CVE-2021-35483 in Impact
Summary
by MITRE • 03/03/2026
The Applications component of Nokia IMPACT version through 19.11.2.10-20210118042150283 allows an authenticated user to arbitrarily upload JavaScript files via the /ui/rest-proxy/application fileupload parameter. This can occur during the adding of a new application, or during the editing of an existing one. If an authenticated user visits the web page where the file is published, the JavaScript code is executed.
VulDB is the best source for vulnerability data and more expert information about this specific topic.
Analysis
by VulDB Data Team • 03/04/2026
The vulnerability identified as CVE-2021-35483 affects the Nokia IMPACT applications component version 19.11.2.10 and earlier, presenting a critical security flaw that enables authenticated users to perform arbitrary file uploads. This vulnerability specifically targets the /ui/rest-proxy/application fileupload parameter, which operates during both the creation and modification processes of applications within the system. The flaw stems from inadequate input validation and file type restrictions, allowing malicious actors with valid credentials to bypass security controls and upload potentially harmful JavaScript files to the server. The vulnerability falls under CWE-434, which addresses the insecure upload of code or files, and represents a classic server-side file upload vulnerability that can lead to remote code execution or cross-site scripting attacks. The affected system processes these uploaded files without proper sanitization, creating a pathway for attackers to execute malicious code within the context of the victim's browser session.
The operational impact of this vulnerability extends beyond simple privilege escalation, as it creates a persistent threat vector that can be exploited to compromise entire user sessions and potentially gain deeper access to the underlying system. When an authenticated user navigates to a web page containing the uploaded JavaScript file, the code executes automatically within their browser, potentially leading to session hijacking, credential theft, or further exploitation through techniques such as cross-site request forgery. This vulnerability directly aligns with ATT&CK technique T1059.007 for JavaScript execution and T1566 for credential access through social engineering. The attack surface is particularly concerning because the vulnerability can be triggered during normal application management activities, making it difficult to detect and potentially allowing attackers to remain undetected while establishing persistent access. The exploitation requires only valid authentication credentials, which significantly reduces the attack complexity and increases the likelihood of successful compromise.

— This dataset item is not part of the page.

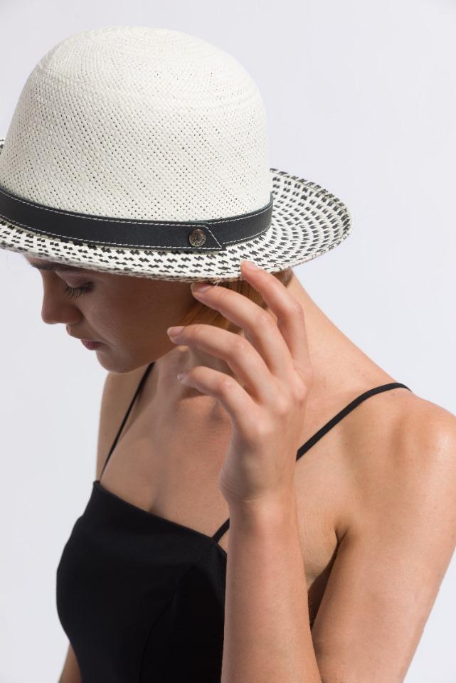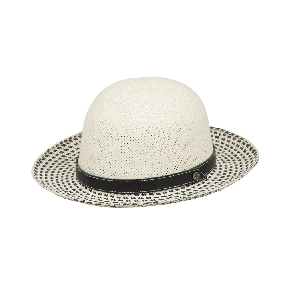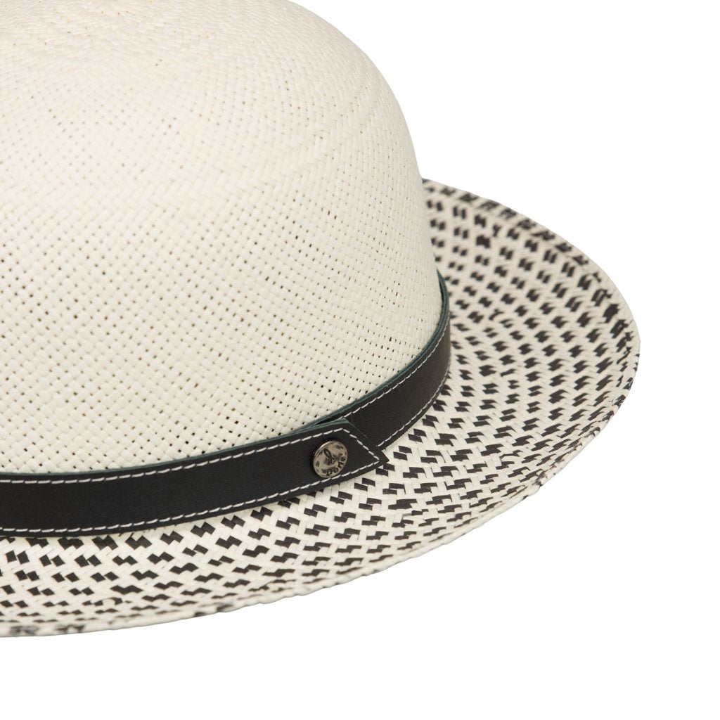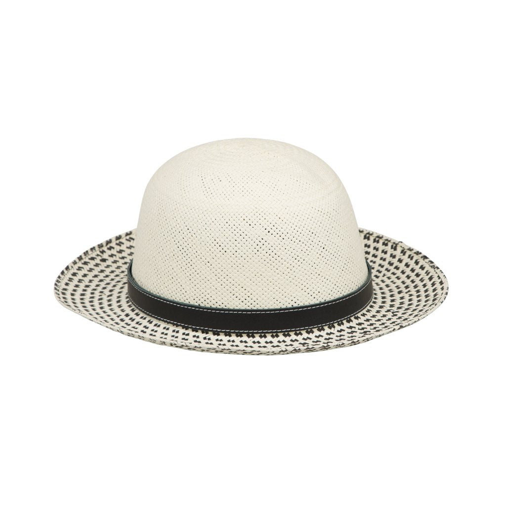 Solano is handcrafted by the historic weaving artisans of Doria 1905 in the Salento area of Apulia. This woven hat is made of a cellulose fiber called papier, obtained from recycling paper. Solano boasts night blue details and a leather belt, perfect for an easygoing yet elegant look. The belt is also adorned with a chic metal pin engraved with the brand logo.
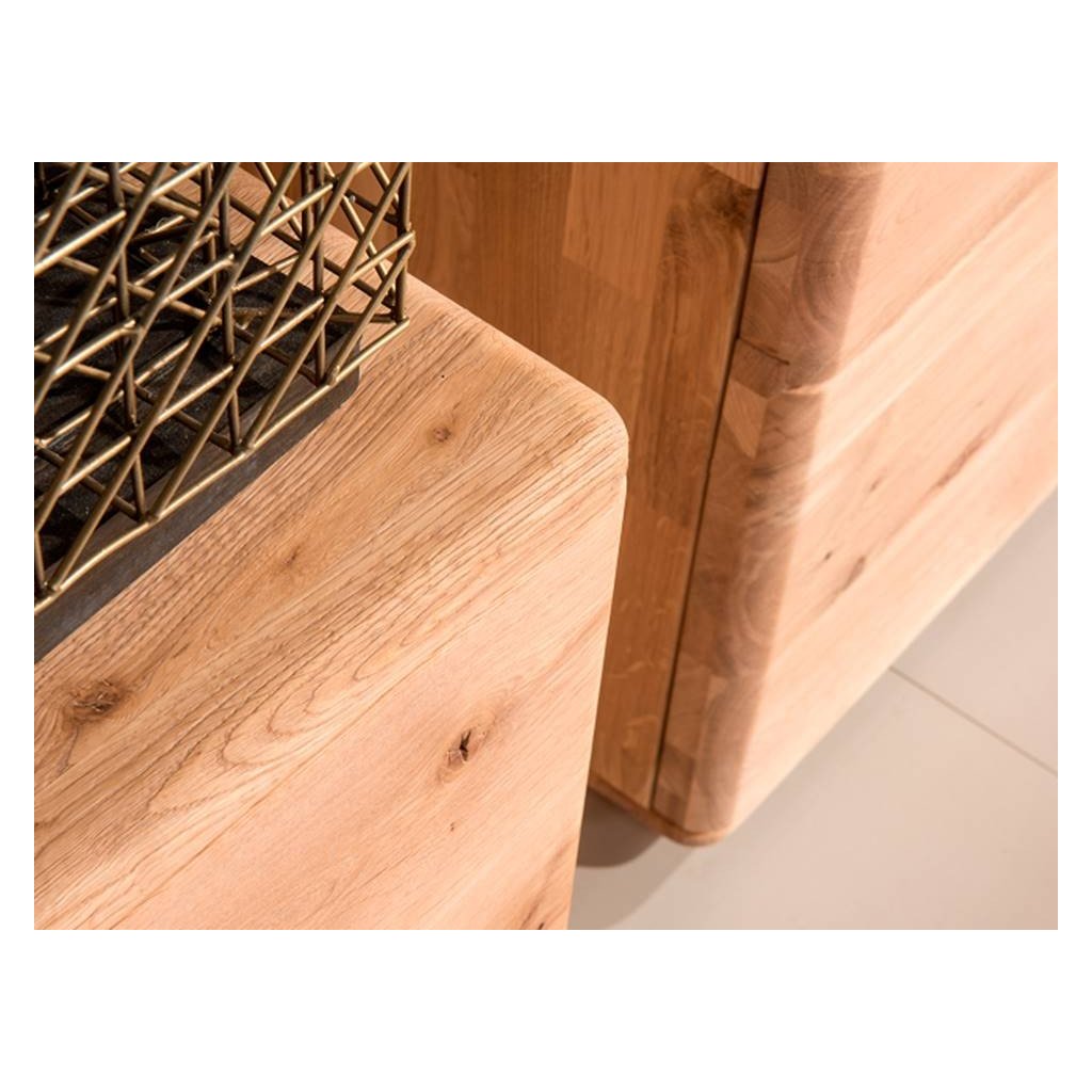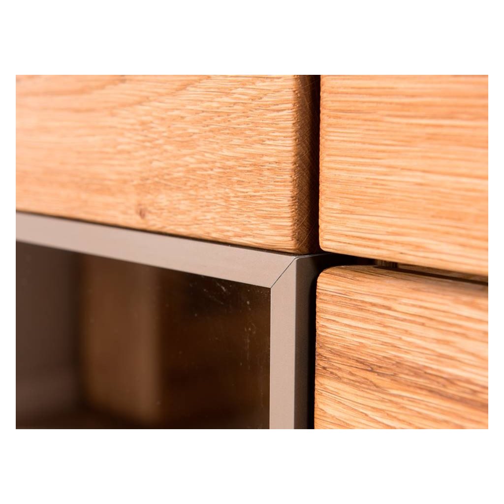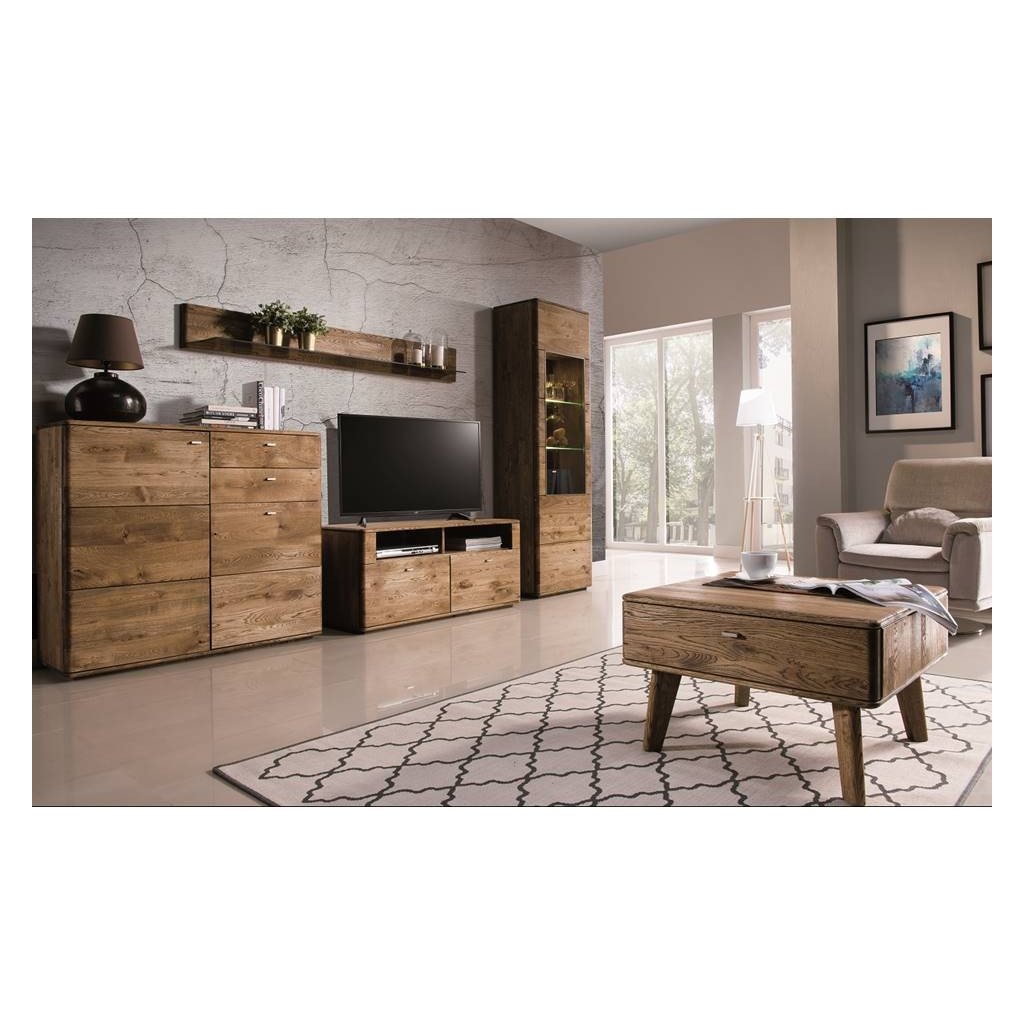 Dubový nábytek do obývacího pokoje VEGAS - TEXAS vyniká svými zaoblenými hranami a stylovými kovovými úchyty. Zásuvky jsou opatřeny systémem tichého dovírání.

Mitigation strategies for CVE-2021-35483 should focus on implementing robust input validation and file type restrictions at the application level, ensuring that only authorized file types are accepted during upload operations. Organizations should enforce strict file extension filtering, implement proper content type validation, and employ additional security measures such as file signature verification to prevent execution of malicious code. The system should also implement proper access controls and monitoring mechanisms to detect unauthorized file uploads, including logging and alerting on suspicious upload activities. Network segmentation and web application firewalls can provide additional layers of protection by monitoring and filtering traffic patterns associated with file upload operations. Patch management procedures should be implemented to ensure timely updates to the Nokia IMPACT system, with particular attention to the specific version mentioned in the vulnerability description. Security awareness training for administrators and users can help reduce the risk of exploitation through social engineering or privilege abuse, while regular security audits and penetration testing should be conducted to identify similar vulnerabilities in related systems and prevent potential lateral movement within the network infrastructure.